EXERCISE OBJECTIVE:
Among the entries below, only the lines from the one with "Politehnica Iași s-a" through the one with "Das Segelsetzen funktioniert" are to be retyped, exactly and without pictures.

STORED DATA:

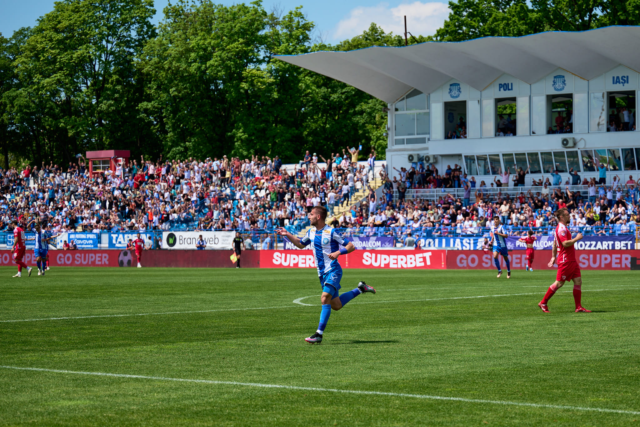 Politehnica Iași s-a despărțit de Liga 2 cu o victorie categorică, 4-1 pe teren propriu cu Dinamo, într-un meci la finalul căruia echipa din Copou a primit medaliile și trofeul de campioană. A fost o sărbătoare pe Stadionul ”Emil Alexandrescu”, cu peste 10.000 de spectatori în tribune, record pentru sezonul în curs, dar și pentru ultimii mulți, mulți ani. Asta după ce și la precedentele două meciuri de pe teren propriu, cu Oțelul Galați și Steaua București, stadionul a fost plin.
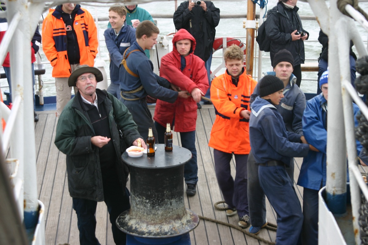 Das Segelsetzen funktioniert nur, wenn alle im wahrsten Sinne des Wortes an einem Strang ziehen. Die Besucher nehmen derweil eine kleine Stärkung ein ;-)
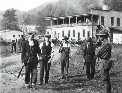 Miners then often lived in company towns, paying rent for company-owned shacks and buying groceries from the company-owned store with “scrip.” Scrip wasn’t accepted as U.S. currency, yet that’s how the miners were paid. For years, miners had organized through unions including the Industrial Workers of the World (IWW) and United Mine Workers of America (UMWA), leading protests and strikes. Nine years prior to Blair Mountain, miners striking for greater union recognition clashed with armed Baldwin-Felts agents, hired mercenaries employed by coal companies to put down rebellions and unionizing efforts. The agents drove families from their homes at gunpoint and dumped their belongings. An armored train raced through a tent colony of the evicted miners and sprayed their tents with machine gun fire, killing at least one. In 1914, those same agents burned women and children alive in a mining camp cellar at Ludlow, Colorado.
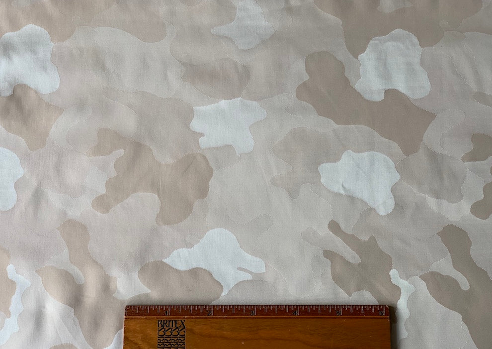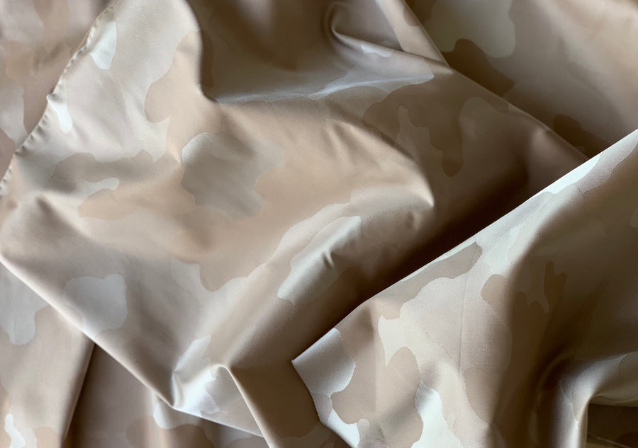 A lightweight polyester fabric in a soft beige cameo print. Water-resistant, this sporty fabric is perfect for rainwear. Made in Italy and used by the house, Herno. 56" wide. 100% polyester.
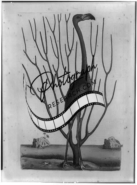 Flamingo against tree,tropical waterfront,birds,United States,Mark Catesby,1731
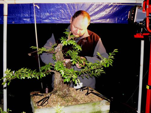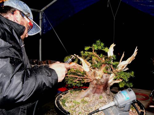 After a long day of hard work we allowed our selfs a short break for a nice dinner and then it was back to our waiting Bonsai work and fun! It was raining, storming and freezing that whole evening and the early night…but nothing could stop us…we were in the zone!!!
...
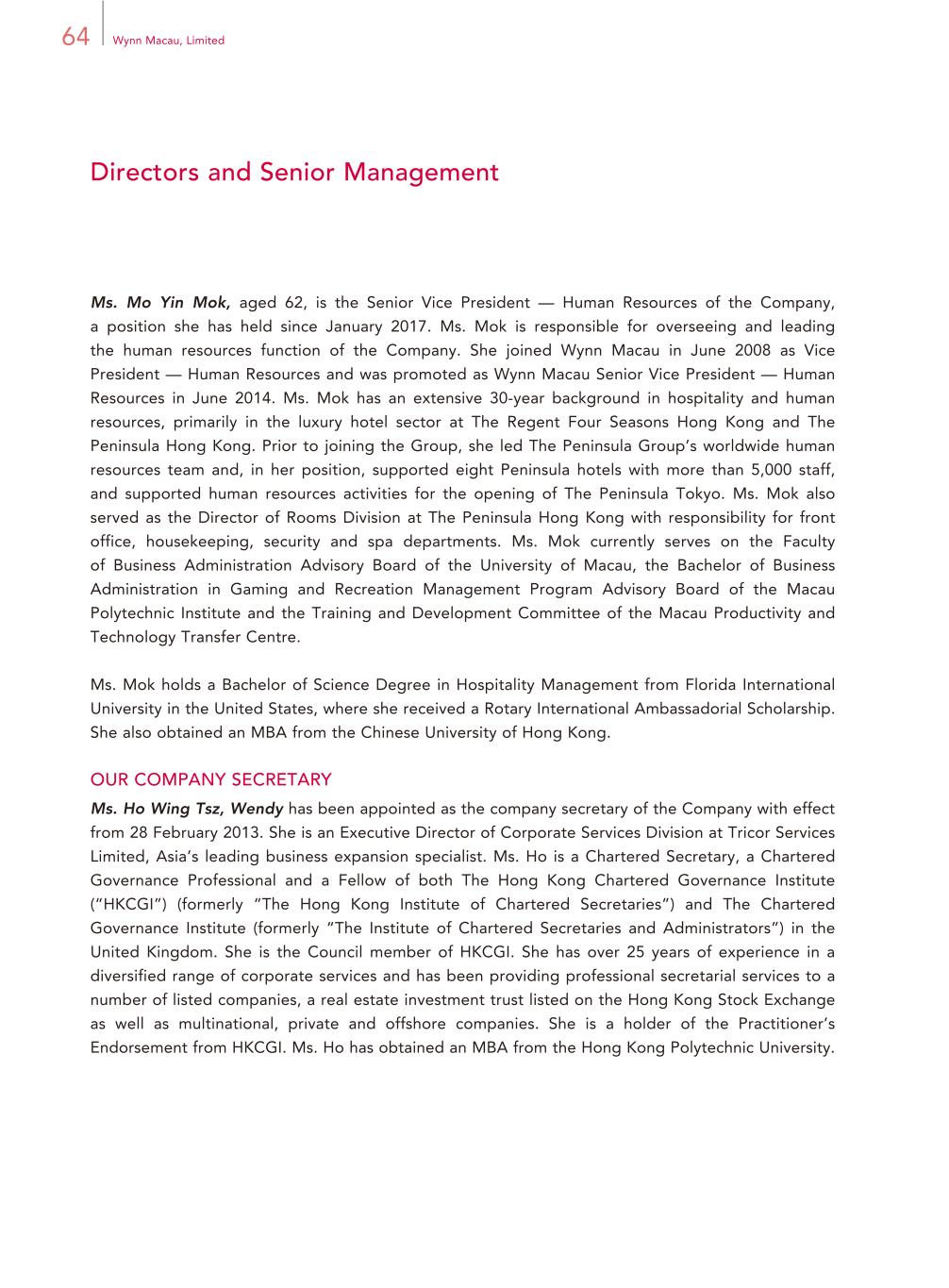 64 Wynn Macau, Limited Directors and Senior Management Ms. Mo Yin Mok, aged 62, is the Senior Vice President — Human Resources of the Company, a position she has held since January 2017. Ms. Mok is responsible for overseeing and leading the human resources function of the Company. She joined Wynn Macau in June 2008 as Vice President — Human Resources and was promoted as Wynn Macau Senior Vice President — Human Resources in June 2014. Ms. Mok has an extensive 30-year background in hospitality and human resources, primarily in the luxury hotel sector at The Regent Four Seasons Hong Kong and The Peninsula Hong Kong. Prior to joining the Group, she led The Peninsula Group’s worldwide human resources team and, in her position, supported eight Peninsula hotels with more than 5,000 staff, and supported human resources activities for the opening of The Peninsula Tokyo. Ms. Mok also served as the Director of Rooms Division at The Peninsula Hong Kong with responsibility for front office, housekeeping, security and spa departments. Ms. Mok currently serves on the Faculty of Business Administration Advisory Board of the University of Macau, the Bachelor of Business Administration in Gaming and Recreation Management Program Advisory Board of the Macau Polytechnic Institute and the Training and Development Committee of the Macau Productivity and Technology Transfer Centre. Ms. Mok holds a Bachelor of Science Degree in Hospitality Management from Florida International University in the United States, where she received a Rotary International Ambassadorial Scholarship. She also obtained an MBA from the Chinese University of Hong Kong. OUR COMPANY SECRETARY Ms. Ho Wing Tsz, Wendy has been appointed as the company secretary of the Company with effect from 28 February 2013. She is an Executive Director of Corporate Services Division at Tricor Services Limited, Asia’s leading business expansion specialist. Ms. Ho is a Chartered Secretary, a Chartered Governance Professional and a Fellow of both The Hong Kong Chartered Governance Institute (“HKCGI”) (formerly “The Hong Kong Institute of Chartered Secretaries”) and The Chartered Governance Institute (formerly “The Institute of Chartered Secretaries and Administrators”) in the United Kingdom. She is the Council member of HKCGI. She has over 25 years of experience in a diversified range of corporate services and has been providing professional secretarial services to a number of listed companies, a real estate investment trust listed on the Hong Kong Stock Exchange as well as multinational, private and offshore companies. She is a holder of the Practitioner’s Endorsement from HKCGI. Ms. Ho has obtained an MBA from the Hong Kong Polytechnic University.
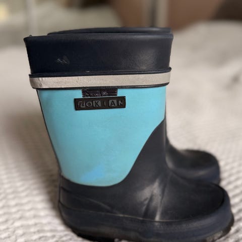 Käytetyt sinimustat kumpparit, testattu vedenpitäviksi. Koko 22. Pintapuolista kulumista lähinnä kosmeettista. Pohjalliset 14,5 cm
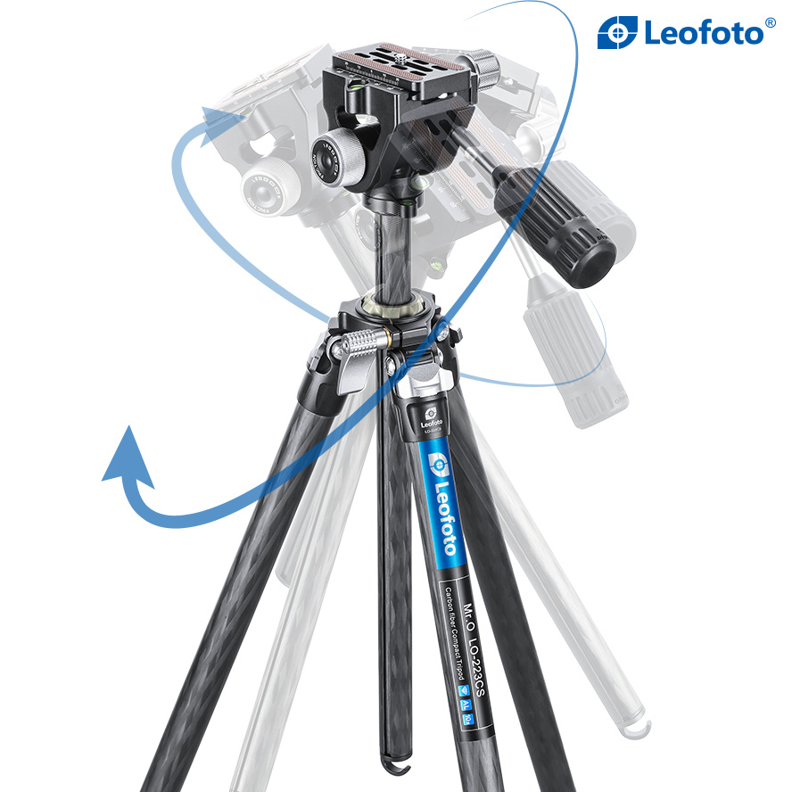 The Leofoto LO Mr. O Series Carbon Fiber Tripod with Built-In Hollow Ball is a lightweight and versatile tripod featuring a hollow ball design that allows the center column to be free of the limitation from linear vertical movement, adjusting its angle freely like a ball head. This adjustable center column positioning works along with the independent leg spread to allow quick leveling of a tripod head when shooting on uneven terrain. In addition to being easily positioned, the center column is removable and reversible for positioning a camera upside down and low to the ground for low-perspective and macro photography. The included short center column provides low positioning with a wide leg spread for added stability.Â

RESULT:
 Politehnica Iași s-a despărțit de Liga 2 cu o victorie categorică, 4-1 pe teren propriu cu Dinamo, într-un meci la finalul căruia echipa din Copou a primit medaliile și trofeul de campioană. A fost o sărbătoare pe Stadionul ”Emil Alexandrescu”, cu peste 10.000 de spectatori în tribune, record pentru sezonul în curs, dar și pentru ultimii mulți, mulți ani. Asta după ce și la precedentele două meciuri de pe teren propriu, cu Oțelul Galați și Steaua București, stadionul a fost plin.
 Das Segelsetzen funktioniert nur, wenn alle im wahrsten Sinne des Wortes an einem Strang ziehen. Die Besucher nehmen derweil eine kleine Stärkung ein ;-)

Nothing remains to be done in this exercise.